A good-looking man with a flat belly and toned limbs, he had close-cropped hair matched by an equally neat mustache and beard. Shannon could picture him in shorts, running around the campus's circular road at dawn, beads of sweat on his unlined forehead.

“Please, have a seat.” With his chin he indicated the solitary guest chair, his voice pitched lower than she would have thought. After placing the books on a shelf, the lecturer sat in the captain's chair behind his desk and leaned it backward.
“Culture,”
he said with a wry smile, “featuring Rastafarians, eh? That's impressive.”

“We try to move around the world.” Shannon rummaged in her bag for her camera and recorder. “It was Jamaica's turn.”

“How can I help you?” He spoke with the accent of the educated Jamaican, Standard English colored by the island lilt, the charm of it playing with her head. She started her tape recorder along with the questions, the answers revealing a thoughtful man who'd already done two decades of research on Rastafarians. Not that it made him an expert, he added modestly.

“Where did it originate?” Shannon asked. “I mean, the whole Rastafarian philosophy and lifestyle?”

“The philosophy came first, the way it always does with socioreligious or political groups.” His monologue told the story of a perfect storm at the turn of the twentieth century, a series of revivalist preachers, in combination with the inspirational lectures and writings of the leader from St. Ann's Bay, Marcus Garvey, all calling on the black man to have pride in Africa as the motherland.

“The most popular preacher was a man called Bedward, a fascinating man. He'd traveled to Panama to work on the Canal and come back to Jamaica. He used to draw crowds of people down by the river not far from here.” Ransom looked out the window as if he longed to witness a sermon himself. “His favorite topic was the black man's oppression. The authorities arrested him, of course, and put him in the mental hospital. But as soon as he came out, he was back to the sermons. What was particularly powerful was that he linked himself to Garvey. They were both sent, he claimed, to lead their followers out of Israel to the Promised Land, that land being Africa, of course.”

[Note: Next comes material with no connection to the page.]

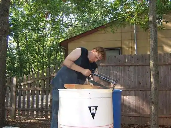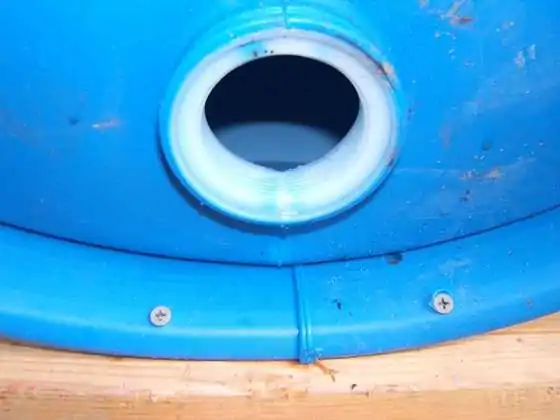 Make sure the pipe fits and rests comfortably on the barrel. Also, I used a piece of wire nailed to the barrel brace to hold the new drain in place.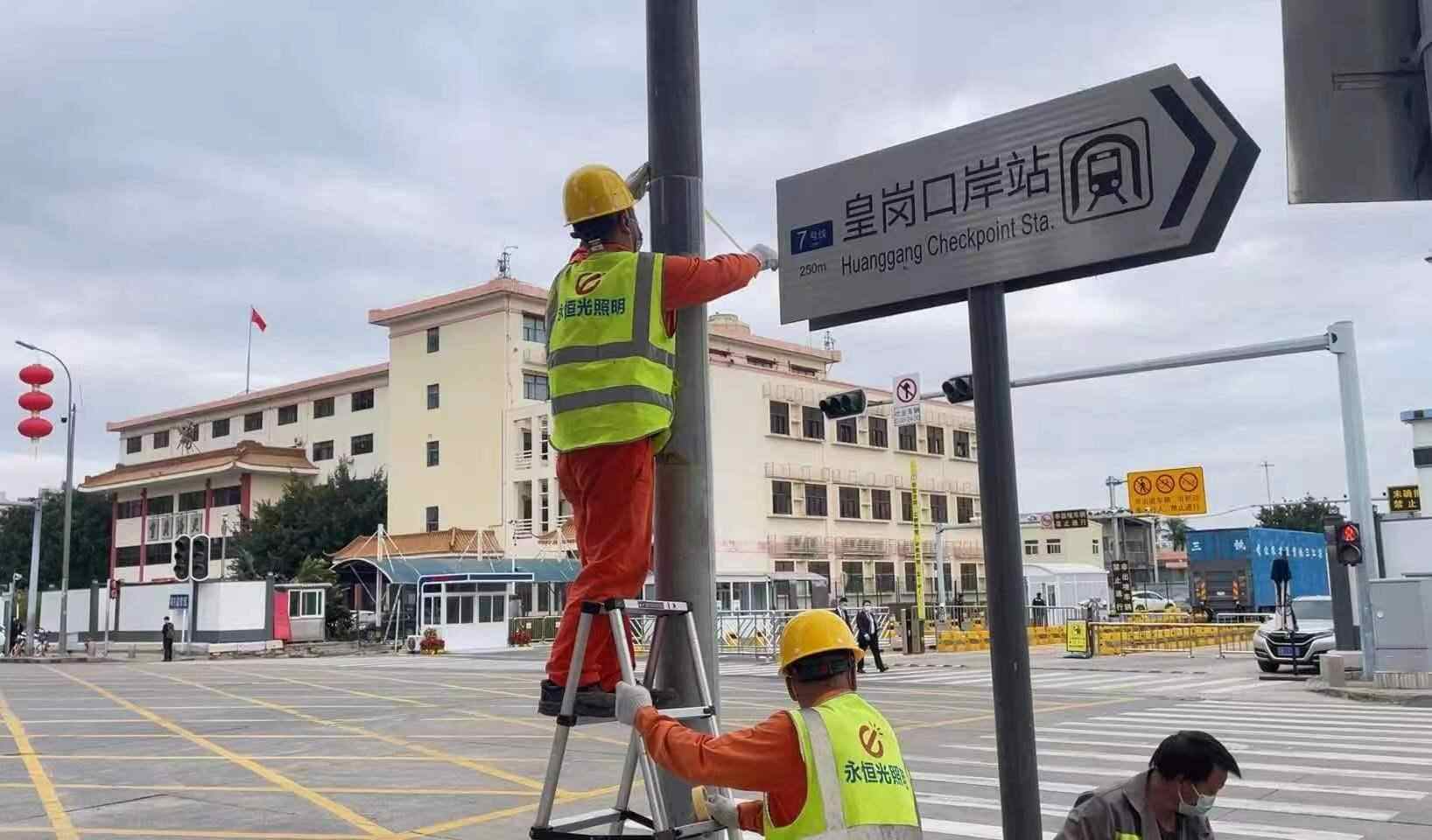 记者在现场看到,通往出入境口岸旅检区的天桥入口已布置好引导排队用的铁护栏,市政工人正在加紧对路标路标等设施更新完善。

Groups of Bedwardites, as they called themselves, started to form, objectors to mainstream culture, religious in their practices of prayer, fasting, and healing. “These were some of the earliest communities of—of zealots, I guess you could call them; other people would call them mystics. After the revivalists came groups, still heavily religious, who objected to the British colonial government that controlled Jamaica. They held up Africa as a sort of utopia, and because of the Old Testament references, the country that was most looked to was Ethiopia. Its ruler, the Emperor Haile Selassie, or Ras Tafari, became an icon and eventually took on the mantle of a god to groups that started calling themselves Rastafarians, followers of Ras Tafari.

“After the 1930s, 1940s, some of these groups started ritualizing the smoking of marijuana, the growing of the hair, and so forth. These were things that were outside of the norm of the society, and it branded them as revolutionaries.” Ransom's voice rolled on with its academic cadence as if he were delivering a lecture. She had come to the font, it seemed, and he was enjoying watching her drink from his knowledge.

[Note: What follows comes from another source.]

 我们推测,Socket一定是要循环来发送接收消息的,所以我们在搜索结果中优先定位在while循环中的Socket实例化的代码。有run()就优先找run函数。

Lifting her camera while he talked, Shannon took a few shots of the man's ringless fingers—the nail on one pinkie longer than the others—between which he rolled a gold pen. When she zoomed in on his face and clicked, she could see that his eyelashes curled backward, almost in circles, and that his lips were outlined by a thin chocolate line.

“Is there still any prejudice against them?” Shannon asked, sliding her camera back in the bag, on her right hand the gold band her parents had given her to hide their embarrassment at having a pregnant, single daughter.

“There's been discrimination against Rastas from way back. It's been a long, hard road to this point. Beatings, arrests, they've been through it all, particularly when they first started. The British didn't know what to do with them other than make them outlaws.”

“Rather like the Maroons at first.”

“Except that the Maroons were fighters and the Rastas weren't. They believed in peace, even if their language is—strong sometimes.”